Robert Swain Gifford was an American landscape painter. He was influenced by the Barbizon school.
Gifford was born on Nonamesset Island, in the Elizabeth Islands, When he was 2 he moved with his family to the New Bedford area, and he attended public schools in New Bedford. When Gifford was a teen, the Dutch painter Albertus Van Beest arrived in New Bedford, and the two collaborated on ship paintings.
Gifford opened a studio in Boston in 1864. Two years later he moved to New York City. In 1867 he was named an Associate of the National Academy of Design and in 1878 he became a full member. He travelled and painted in Oregon and California, then left for Europe, where he visited Great Britain, France, Italy and Spain. Before returning to the U.S. he travelled to Morocco and Egypt. He was joined by fellow artists such as Louis Comfort Tiffany, and painted some subjects from those regions. Much of his work focuses on the landscapes of New England. He, along with Victorian contemporaries from the White Mountain and Hudson River Schools, helped immortalize the majestic cliffs of Grand Manan in the Bay of Fundy. His painting from the island, Pettes Cove, is illustrative of his masterful marine work. In 1867, he was elected into the National Academy of Design as an Associate member and became a full member in 1878.

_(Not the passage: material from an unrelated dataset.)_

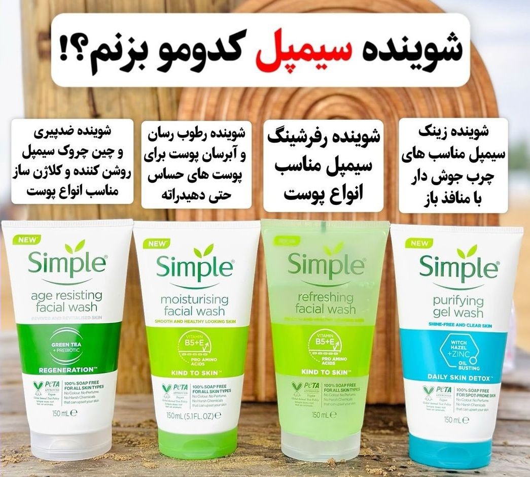 برند انگلیسی سیمپل simple در سال 1960میلادی در زمینه تولید محصولات آرایشی و بهداشتی شروع به کار کرد. این برندباتولید محصولات باکیفیتی و جلب رضایت از مشتریان در سرتاسر دنیا مورد توجه قرار گرفت. برند سیمپل با کارشناسان مجرب پوستی خودو تولید تمامی محصولات سیمپل بصورت گیاهی . موجب شده همه مصرف کنندگان برند simple با اطمینان از محصولات سیمپل استفاده کنند.اگر طرفدار محیط زیست و حقوق حیوانات هستید از مزایای بسیار مهم برند سیمپل simple فاقد تست حیوانی بودن آن است.

In 1876 he was a medal winner at the Philadelphia Centennial Exhibition and at the International Exposition in Paris in 1889. Gifford died at his home in New York City in 1905. In 1899, he was an artist on the famous Harriman Alaska Expedition.
Some of his works hang in the most prominent galleries in the USA, including the Fine Arts Museums of San Francisco, the Metropolitan Museum of Art, New York, and the Smithsonian American Art Museum, Washington DC. He was a member of the Society of American Artists.